*WORK REQUEST*:
Print only the lines below from the one with "Как сделать бутылку" to the one with "It is a standing", both included, exactly as they stand. Leave pictures out.
BEGIN TASK MATERIAL
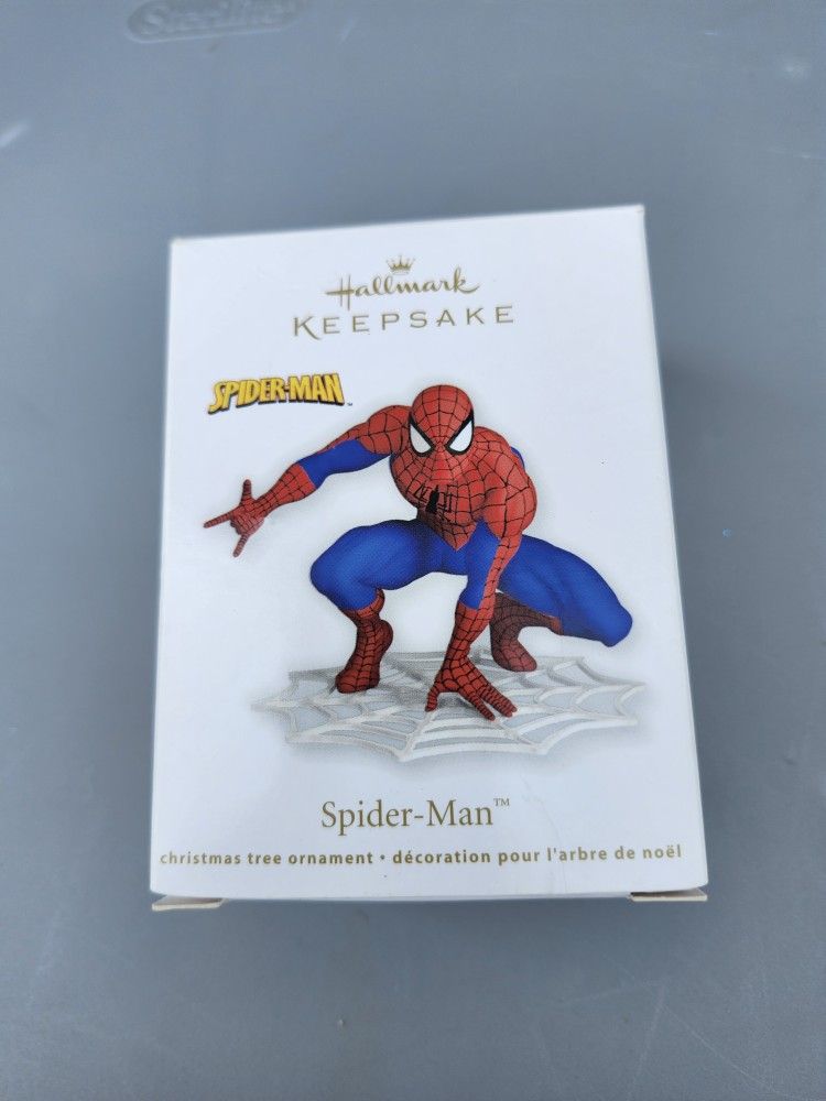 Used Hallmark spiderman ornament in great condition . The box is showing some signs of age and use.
END TASK MATERIAL
BEGIN TASK MATERIAL
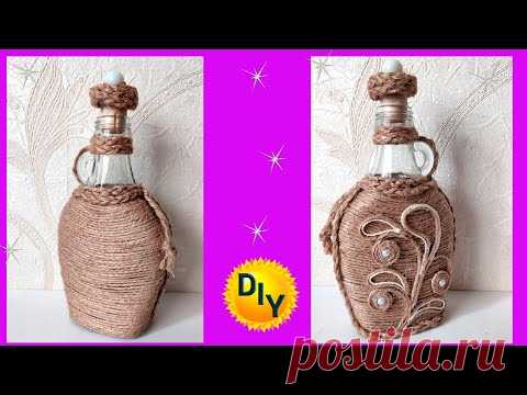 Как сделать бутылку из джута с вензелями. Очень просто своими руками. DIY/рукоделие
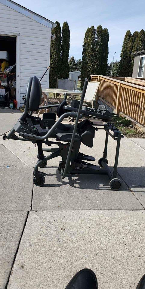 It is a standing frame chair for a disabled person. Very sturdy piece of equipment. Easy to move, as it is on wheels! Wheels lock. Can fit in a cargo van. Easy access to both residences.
END TASK MATERIAL
*ANSWER TO THIS EXERCISE*:
 Как сделать бутылку из джута с вензелями. Очень просто своими руками. DIY/рукоделие
 It is a standing frame chair for a disabled person. Very sturdy piece of equipment. Easy to move, as it is on wheels! Wheels lock. Can fit in a cargo van. Easy access to both residences.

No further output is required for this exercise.